Despite decades of federal investment in science and math education (US Department of Education 2007), there is a dearth of evidence for effective practices. Few science education pipeline programs have examined and reported long-term outcomes, such as science achievement or completion of college, graduate or medical school (National Center for Education Statistics 2007). Previous evaluations have also been compromised by small sample sizes and high loss to follow-up. Among programs that have attempted evaluations (Beck et al. 1978; Butler et al. 1991; Cregler 1993; Davis and Davidson 1982; Felix et al. 2004; Jones and Flowers 1990; Marshall 1975; McKendall et al. 2000; Nickens et al. 1994; Rohrbaugh and Corces 2011; Rosenbaum et al. 2007; Sikes and Schwartz-Bloom 2009; Thurmond and Cregler 1994), few have been funded to conduct controlled trials in which program participants are compared with an appropriate control group. Additional controlled trials are needed to better evaluate program efficacy, and to determine which components are most successful and which students benefit most. Such trials are especially needed for programs that reach out to low-income and underrepresented minority students, who have the greatest disparities in science-related educational and career outcomes (American Psychological Association 2012).
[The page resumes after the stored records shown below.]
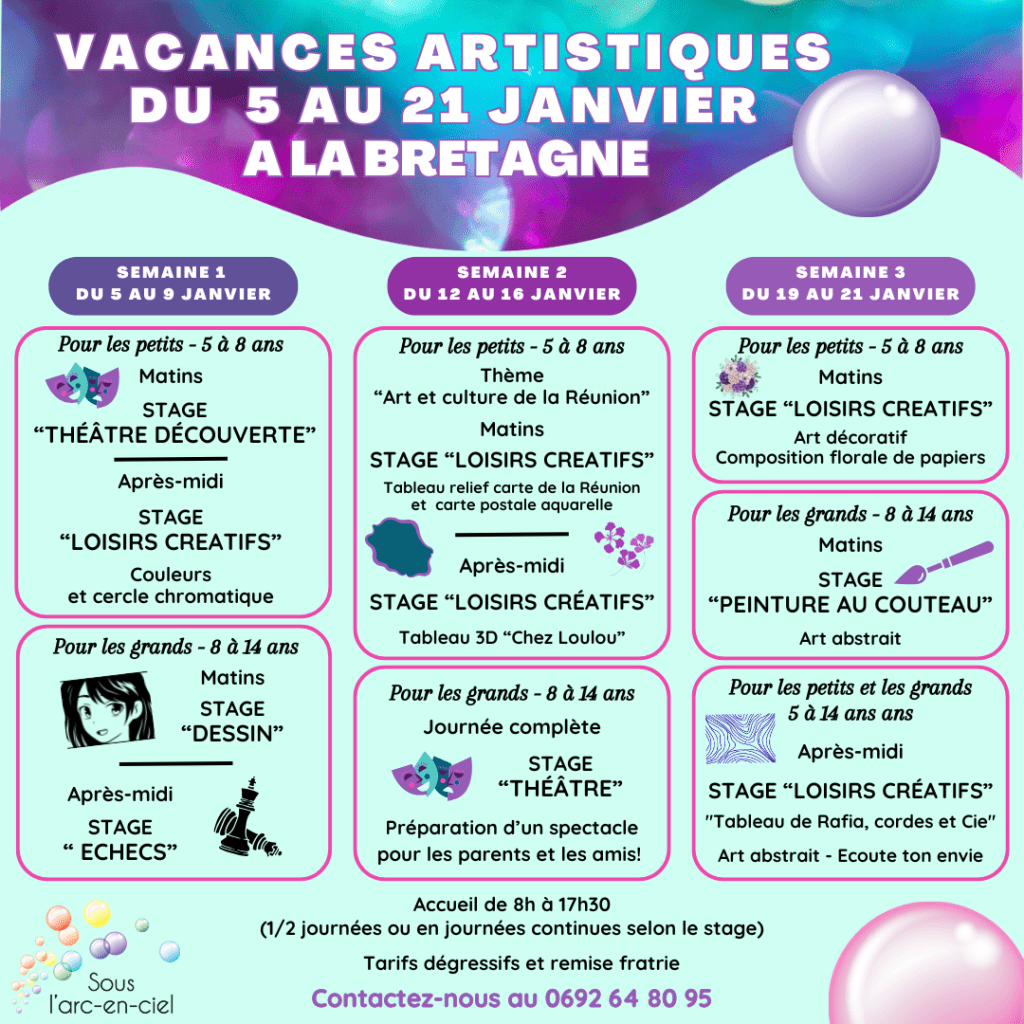 Les ateliers (mentionnés « Ateliers ») se déroulent sur des 1/2 journées. Parfois 1 atelier se déroule sur plusieurs demi-journées, temps de séchage oblige. Contactez nous au 0692648095 pour vous renseigner sur le programme détaillé des vacances.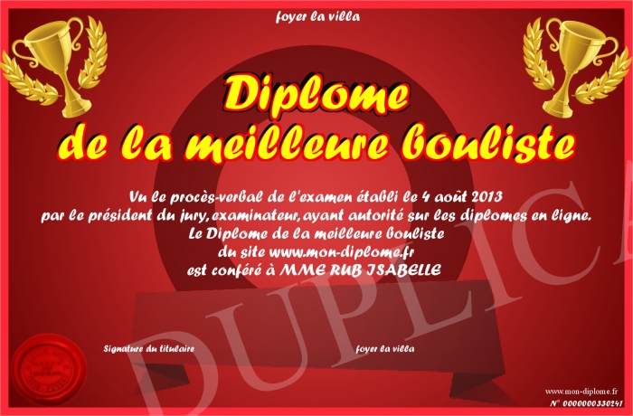 Envoyez par email votre Diplôme de la meilleure bouliste personalisé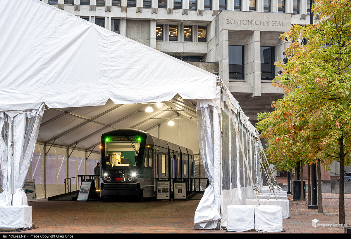 Between October 29 and 30, 2024, the Massachusetts Bay Transportation Authority (MBTA) displayed a full-size, half-length mockup of its new CAF-built Green Line "Type 10" light rail vehicles (LRVs) at City Hall Plaza in Boston’s Government Center. The Type 10s are a 100% low-floor design with seven articulated sections, featuring the latest accessibility technology, modern passenger information systems, and enhanced safety equipment. These new vehicles will replace the older Type 7 and Type 8 cars, with service expected to begin in 2027.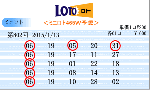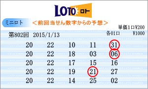 | 1月13日の運命数は「6」と「9」です。該当数字は、「06」・「16」・「26」・「09」・「19」・「29」の6つです。チャートからの注意数字は、「04」・「05」・「06」・「08」・「09」・「16」・「18」・「19」・「21」・「24」など。今回の軸数字としては、「06」・「16」・「09」・「19」の4つに絞った中から「06」と「19」を選びました。「06」と「19」の組合せは過去24回出現しています。 |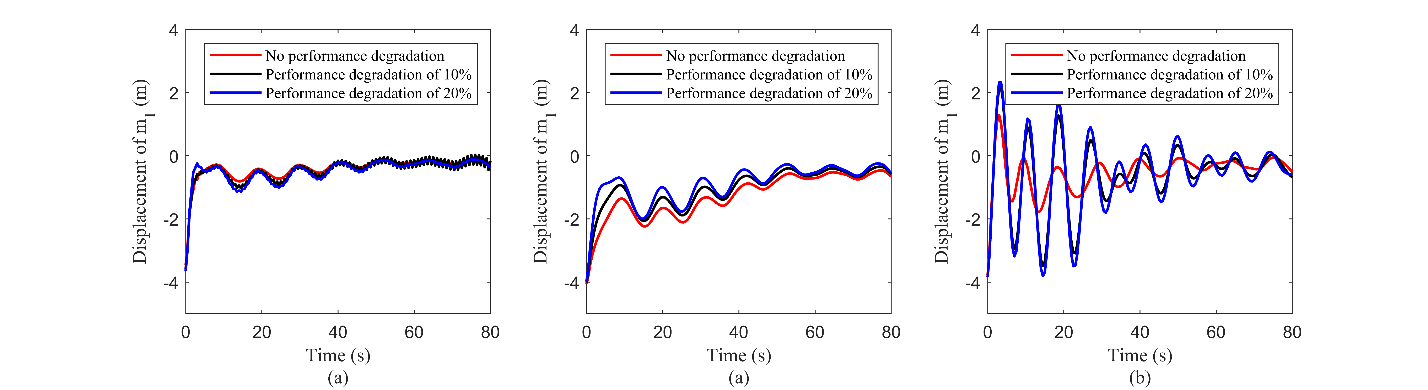 图3 不同程度参数不确定情况下质量块一RVC、DRHGPC与LQR控制效果对比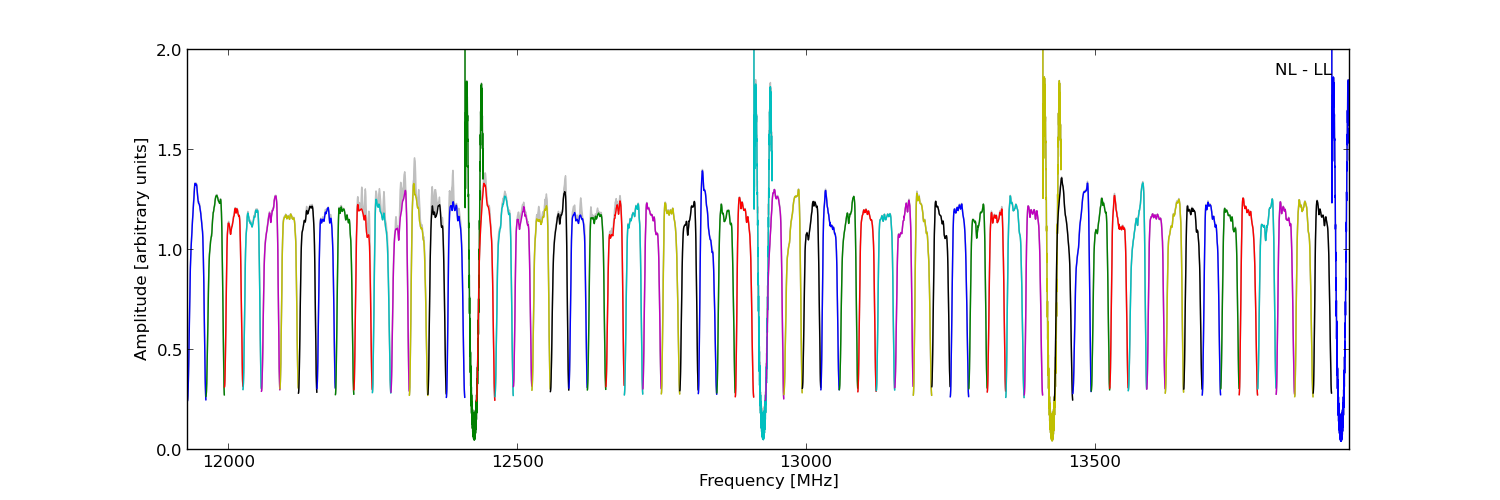 Total power spectrum in arbitrary units. The solid lines indicate the mean value and the shaded area the peaks.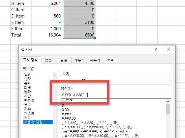 0 숫자를 “-“ (Dash)로 표시할 수 있는 2번째 방법으로 셀서식(Format Cells)의 사용자 지정으로도 작업할 수 있는 모습을 보았습니다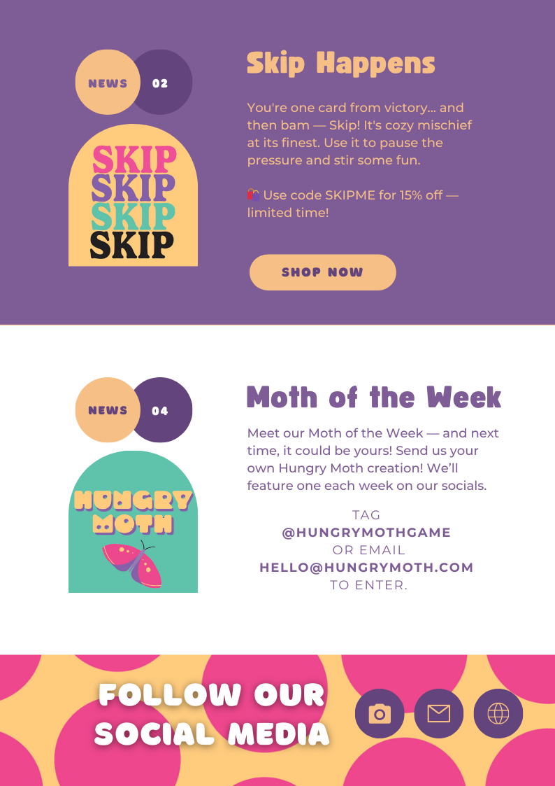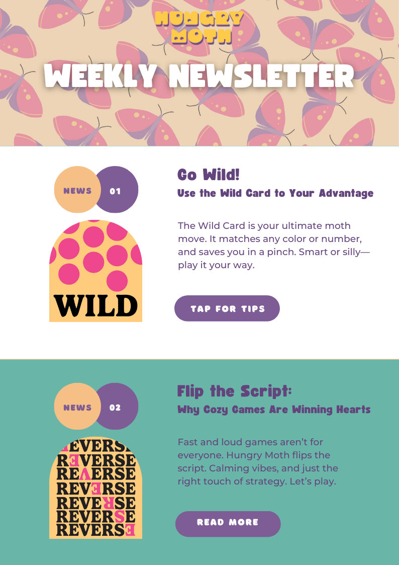 The Hungry Moth newsletter was crafted to engage fans by offering a variety of captivating topics related to the game. It explores gameplay strategies to help players conquer the Moon Phases, shares behind-the-scenes stories about the game’s design and artwork, and highlights special cards like Wild, Skip, and Reverse. Community features showcase fan artwork and stories, while sneak peeks reveal upcoming updates and expansions. This diverse mix of content keeps readers informed, intrigued, and connected to the growing Hungry Moth community.

The 2009 National Assessment of Educational Progress highlighted a severe lack of science preparation among US students and the implications for the national workforce. Only 21 % of high school seniors scored at or above the proficient level in science education, and only 1–2 % at the advanced level, whereas 47 % failed to meet the most basic level (National Center for Education Statistics 2011). Large achievement disparities were reported by ethnicity, income, and public- versus private-school students (National Center for Education Statistics 2011). These findings led US Secretary of Education Arne Duncan to conclude that “the next generation will not be ready to be world-class inventors, doctors, and engineers” (US Department of Education 2011). SMYSP’s SRP and other similar programs have the potential to address these disparities and help the US workforce meet its social, health, and technological needs over the next few decades. Underrepresented minority youth in particular comprise a growing proportion of the population and are an important source of new employees entering the workforce. Given the opportunity to develop their academic potential, these students can make a major contribution to meeting critical needs in the science and health professions.